#### WHAT TO DO:
Without any pictures, copy the records below once more, exactly as they are.
Start of DATASET RECORDS
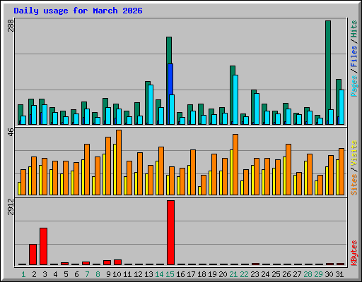 | Day | Hits | Files | Pages | Visits | Sites | KBytes | ||||||
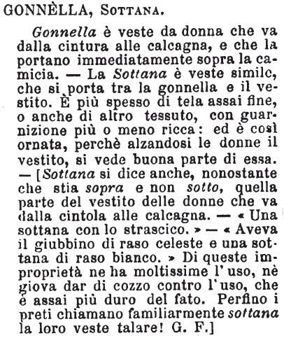| Gonnella, Sottana - Gonnella è veste da donna che va dalla cintura alle calcagna, e che la portano immediatamente sopra la camicia. - La Sottana è veste simile, che si porta tra la gonnella e il vestito. E' più spesso di tela assai fine, o anche di altro tessuto, con guarnizione più o meno ricca: ed è così ornata, perchè alzandosi le donne il vestito, si vede buona parte di essa. - [Sottana si dice anche, nonostante che stia sopra e non sotto, quella parte del vestito delle donne che va dalla cintola alle calcagna. - «Una sottana con lo strascico.» - «Aveva il giubbino di raso celeste e una sottana di raso bianco.» Di queste improprietà ne ha moltissime l'uso, nè giova dar di cozzo contro l'uso, che è assai più duro del fato. Perfino i preti chiamano familiarmente sottana la loro veste talare! G. F.] [immagine] |
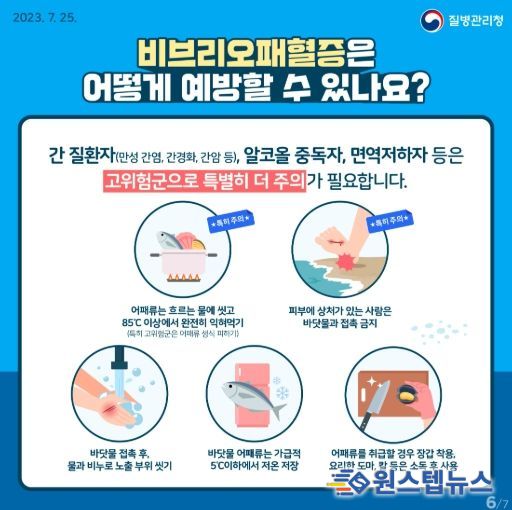 원스텝뉴스 이병희 기자 | 이천시는 최근 비브리오패혈증으로 인한 사망사례가 급증함에 따라, 시민들에게 어패류 생식 자제 및 손 씻기 등 일상 속 위생 수칙 준수를 강력히 당부했다.
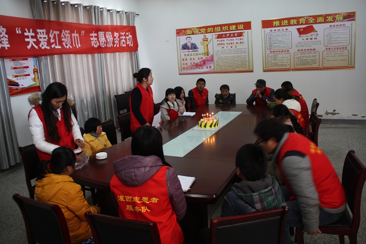 活動中,志愿者們點燃蠟燭,與孩子們共同過一個集體生日,并與他們真誠溝通,聆聽他們的心聲,了解他們當前的生活和學習狀況,勉勵他們克服困難、積極進取,希望他們能夠快樂生活、快樂學習、快樂成長。同時,志愿者們還把準備好的書包文具等學習用品送到孩子們的手中,并與結對孩子合影,讓這初春多了一絲溫暖。
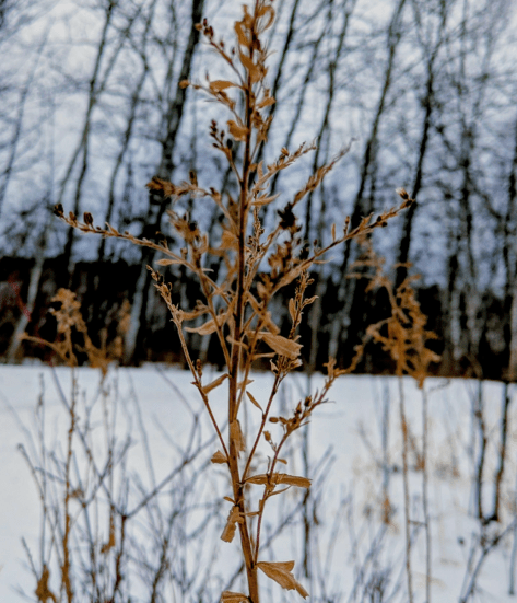 This photo was taken on Thatcher Lake in Wisconsin and is of a frozen stalk of grain.
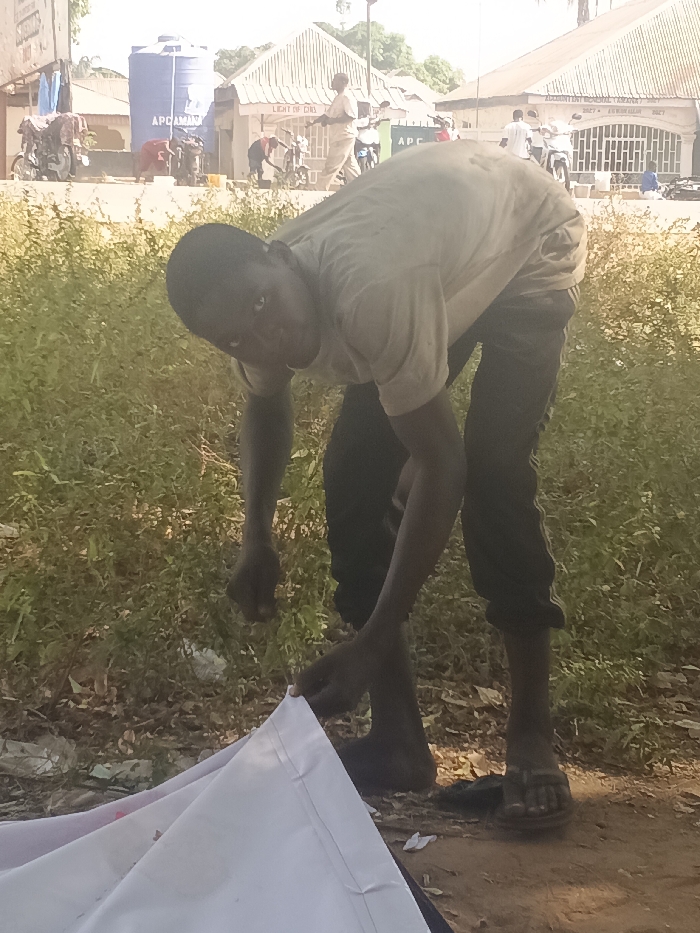 A young dark-skinned male, wearing a light-colored short-sleeved t-shirt and dark trousers with a side stripe, bends forward, looking directly at the camera. His right foot is bare, while his left foot wears a dark sandal. He manipulates a large piece of white material spread on the dirt ground in front of him. Behind him, dense green-yellowish vegetation borders a paved road. Across the road, in the city of Doma, Nigeria, a blue water tank labeled "APC DOMA" stands near parked motorcycles. Further along the street, a building with a light-colored roof displays "LIGHT OF GOD," and another building is marked with "AJUDUMENT MEMORIAL TAKKAMA" and "2023." Several individuals and additional motorcycles are visible in the background, suggesting routine street activity under daylight conditions.
End of DATASET RECORDS
#### TASK OUTPUT:
 | Day | Hits | Files | Pages | Visits | Sites | KBytes | ||||||
| Gonnella, Sottana - Gonnella è veste da donna che va dalla cintura alle calcagna, e che la portano immediatamente sopra la camicia. - La Sottana è veste simile, che si porta tra la gonnella e il vestito. E' più spesso di tela assai fine, o anche di altro tessuto, con guarnizione più o meno ricca: ed è così ornata, perchè alzandosi le donne il vestito, si vede buona parte di essa. - [Sottana si dice anche, nonostante che stia sopra e non sotto, quella parte del vestito delle donne che va dalla cintola alle calcagna. - «Una sottana con lo strascico.» - «Aveva il giubbino di raso celeste e una sottana di raso bianco.» Di queste improprietà ne ha moltissime l'uso, nè giova dar di cozzo contro l'uso, che è assai più duro del fato. Perfino i preti chiamano familiarmente sottana la loro veste talare! G. F.] [immagine] |
 원스텝뉴스 이병희 기자 | 이천시는 최근 비브리오패혈증으로 인한 사망사례가 급증함에 따라, 시민들에게 어패류 생식 자제 및 손 씻기 등 일상 속 위생 수칙 준수를 강력히 당부했다.
 活動中,志愿者們點燃蠟燭,與孩子們共同過一個集體生日,并與他們真誠溝通,聆聽他們的心聲,了解他們當前的生活和學習狀況,勉勵他們克服困難、積極進取,希望他們能夠快樂生活、快樂學習、快樂成長。同時,志愿者們還把準備好的書包文具等學習用品送到孩子們的手中,并與結對孩子合影,讓這初春多了一絲溫暖。
 This photo was taken on Thatcher Lake in Wisconsin and is of a frozen stalk of grain.
 A young dark-skinned male, wearing a light-colored short-sleeved t-shirt and dark trousers with a side stripe, bends forward, looking directly at the camera. His right foot is bare, while his left foot wears a dark sandal. He manipulates a large piece of white material spread on the dirt ground in front of him. Behind him, dense green-yellowish vegetation borders a paved road. Across the road, in the city of Doma, Nigeria, a blue water tank labeled "APC DOMA" stands near parked motorcycles. Further along the street, a building with a light-colored roof displays "LIGHT OF GOD," and another building is marked with "AJUDUMENT MEMORIAL TAKKAMA" and "2023." Several individuals and additional motorcycles are visible in the background, suggesting routine street activity under daylight conditions.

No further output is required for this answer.